# sorta off brand pants



## 55Nick15 (Aug 11, 2008)

so ive been looking for pants and i went to a shop and tried on a pair of vans XL.

they were tight on my butt by a bit but i got in them. so the guy ordered me a pair of XXL's

my question is.. if these dont fit, what other brands are out there that make bigger sizes for big guys. ie: columbia

ive seen that columbias xxl's are like 44-47.. i mean im not that big but compared to vans xxl's bein 42 or somethin like that it seems like that would be a better choice.

if yall can understand what i just said please help me out!

thanks,
-nick


----------



## legallyillegal (Oct 6, 2008)

Those Vans XXL will be fine width-wise, but length will be quite long (if you're not tall).

Mostly all of the "hardcore snowboarder" gear is XL 38-40 made for pre-teens to young adults.
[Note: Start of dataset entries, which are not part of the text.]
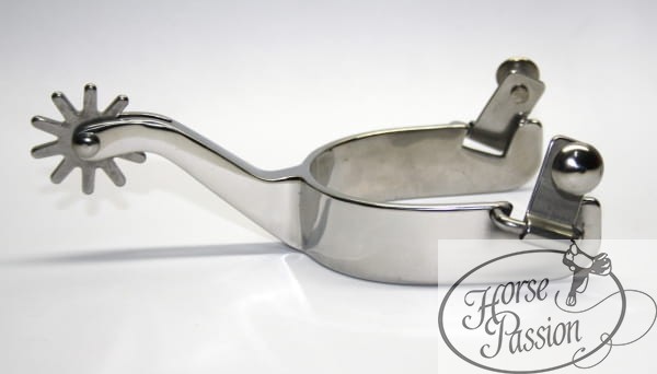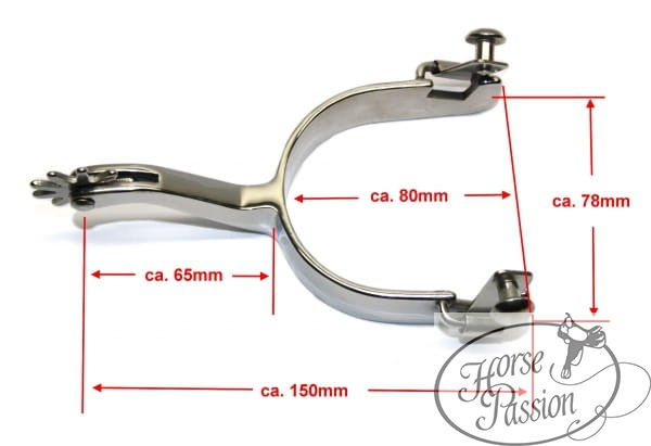Prosty trzonek o długości ok. 65 mm zapewnia dobry zasięg bez konieczności widocznego ruchu łydki — sprawdza się w treningu reiningowym, pleasure i all-around. Szeroka banda ok. 2,2 cm daje pewne i stabilne oparcie na obcasie buta bez ocierania. Okrągły button swivel ułatwia zakładanie i zdejmowanie pasków. To ostrogi, które po prostu działają — sesja po sesji, rok po roku.
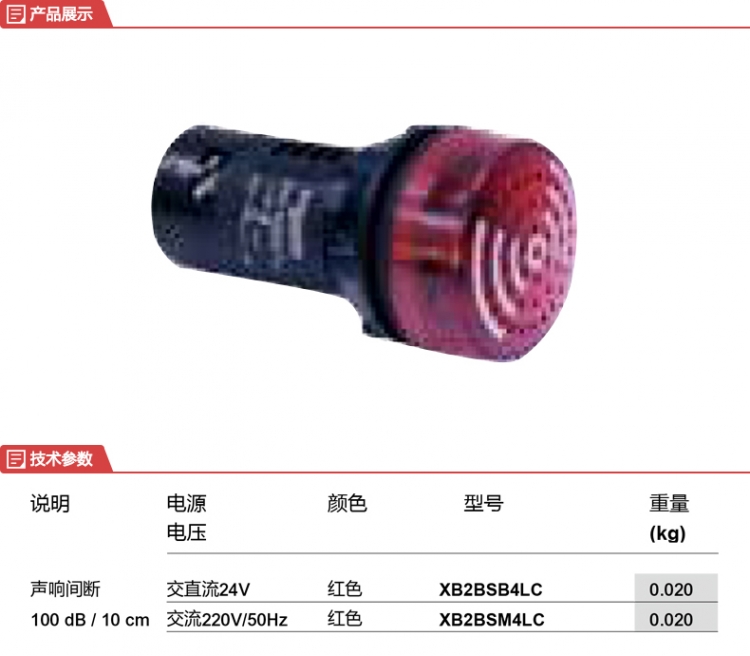 施耐德电气 带灯蜂鸣器 24V AC/DC XB2BSB4LC
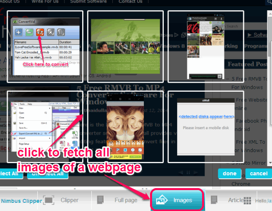If you have to grab all the images of a webpage, this feature is valuable. It will try to fetch all images from a webpage (even Google Images search results) for storing to your Nimbus account. However, in my testing, all images were not fetched successfully. But I was able to select multiple images for storing.
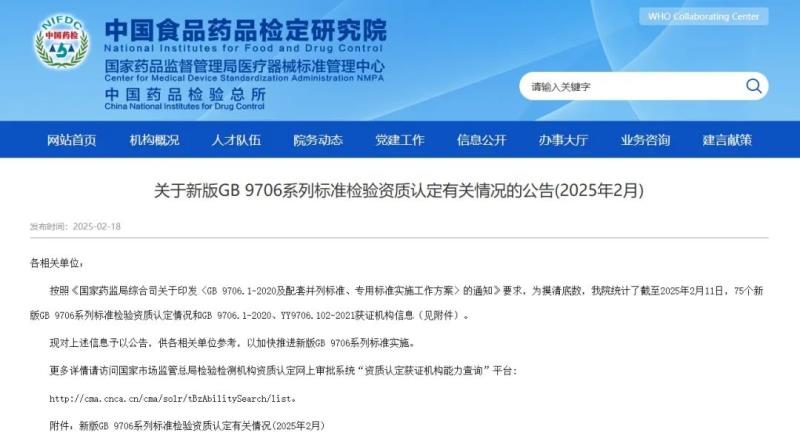 近日,中檢院官網(wǎng)公布了截至2025年2月11日,75個新版GB 9706系列標(biāo)準(zhǔn)檢驗資質(zhì)認(rèn)定情況和GB 9706.1-2020、YY 9706.102-2021獲證機(jī)構(gòu)信息。
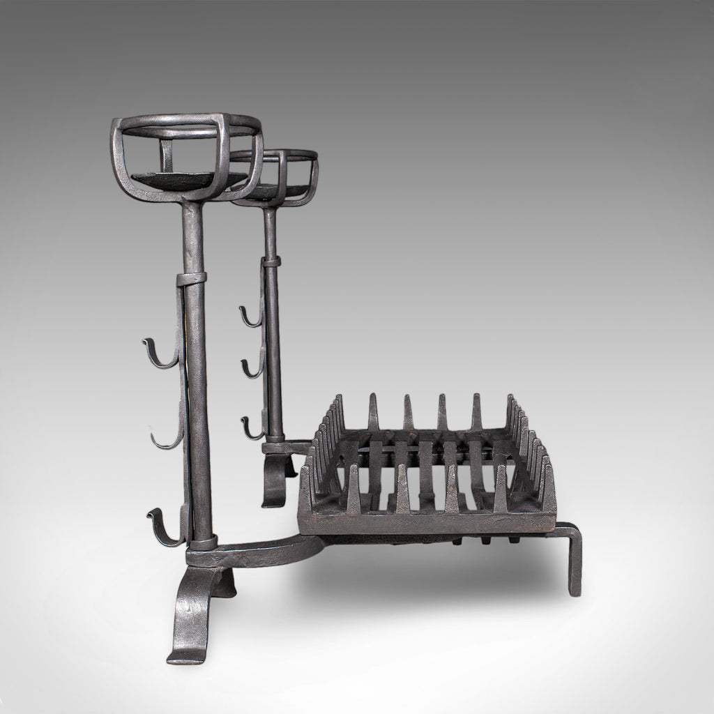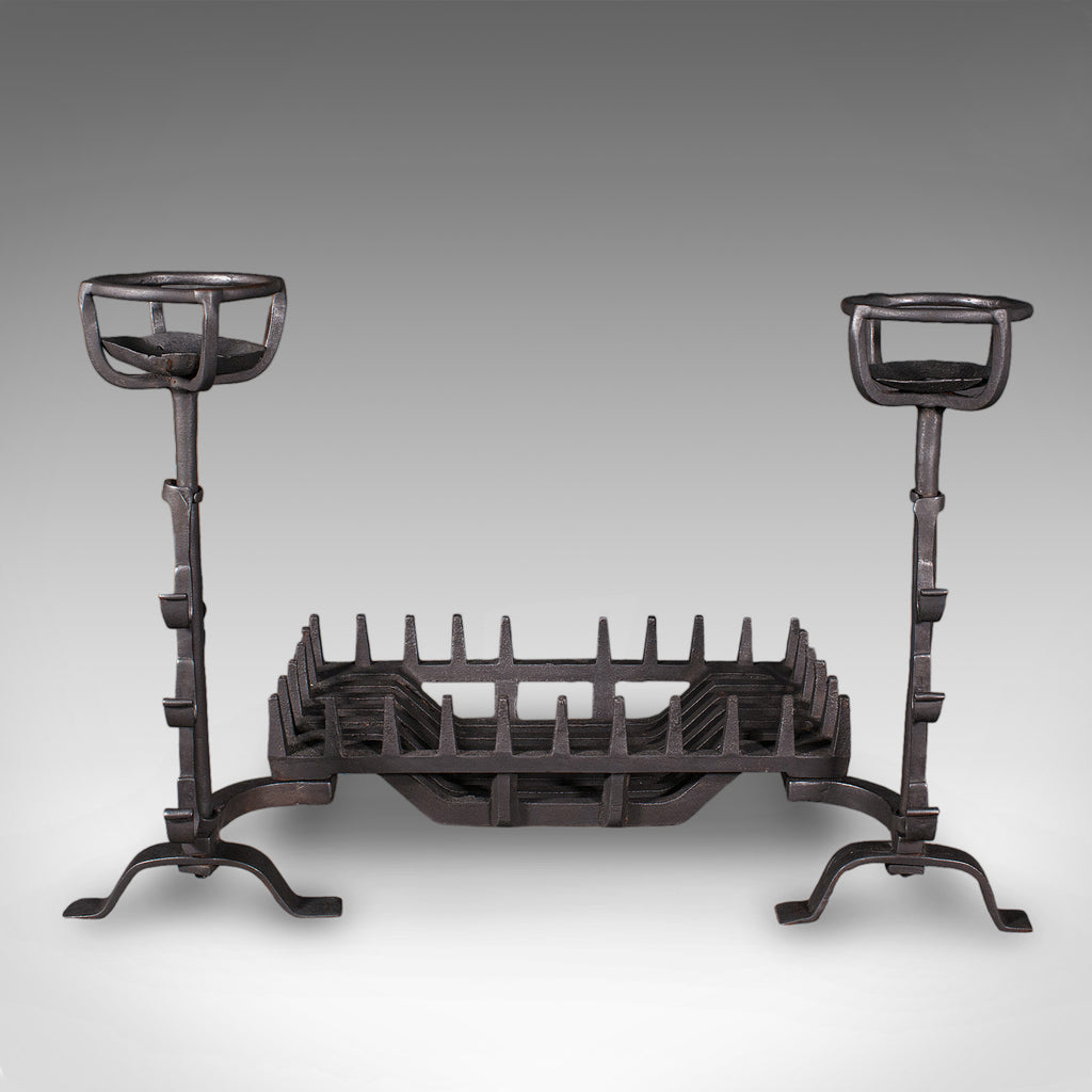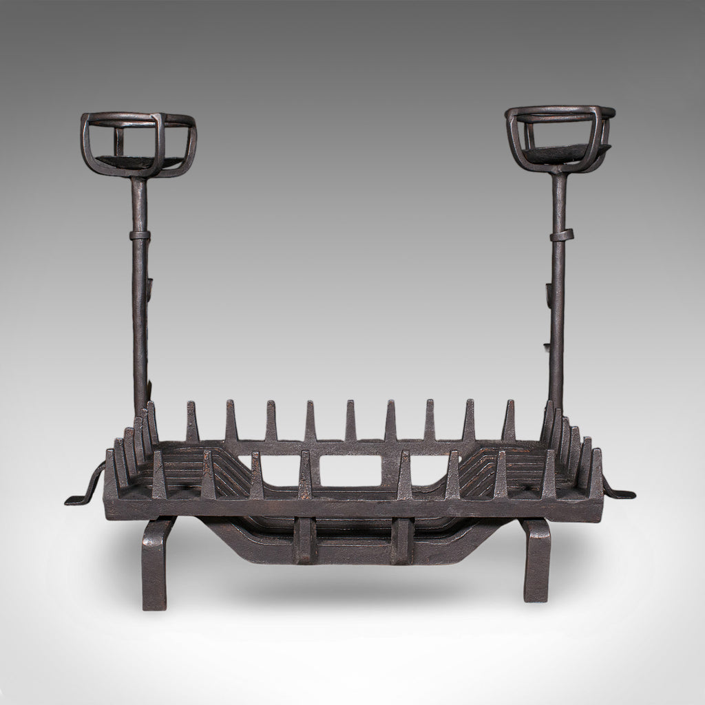 Antique Fireplace Set, English Cast Iron, Fire Basket, Mulling Andiron, Georgian

Look into more of the ski-oriented brands, such as Spyder, Marker, etc.


----------



## 55Nick15 (Aug 11, 2008)

thanks bud im a 6 footer so i think it'll be not to bad on the vans im not to worried on width just so when i move i dont feel like my ass is gonna come out of thepants haha

but i will look towards spyder, never heard of marker tho ill look into em


----------



## Rufus (Nov 7, 2008)

It sounds like we're about the same size, I just picked up a pair of Burton Ronin Cargo pants in XXL and they fit good, I bet the Vans will also be OK. I found last year's model for $45 so there are some good deals out there.


----------



## Guest (Nov 10, 2008)

I'm a big guy too, 6'3", 260 lbs, 38 waist, and i've found Quicksilver XL to fit quite nicely. Helly Hansen in XXL fit real nice on those colder days with ample room for layering.


----------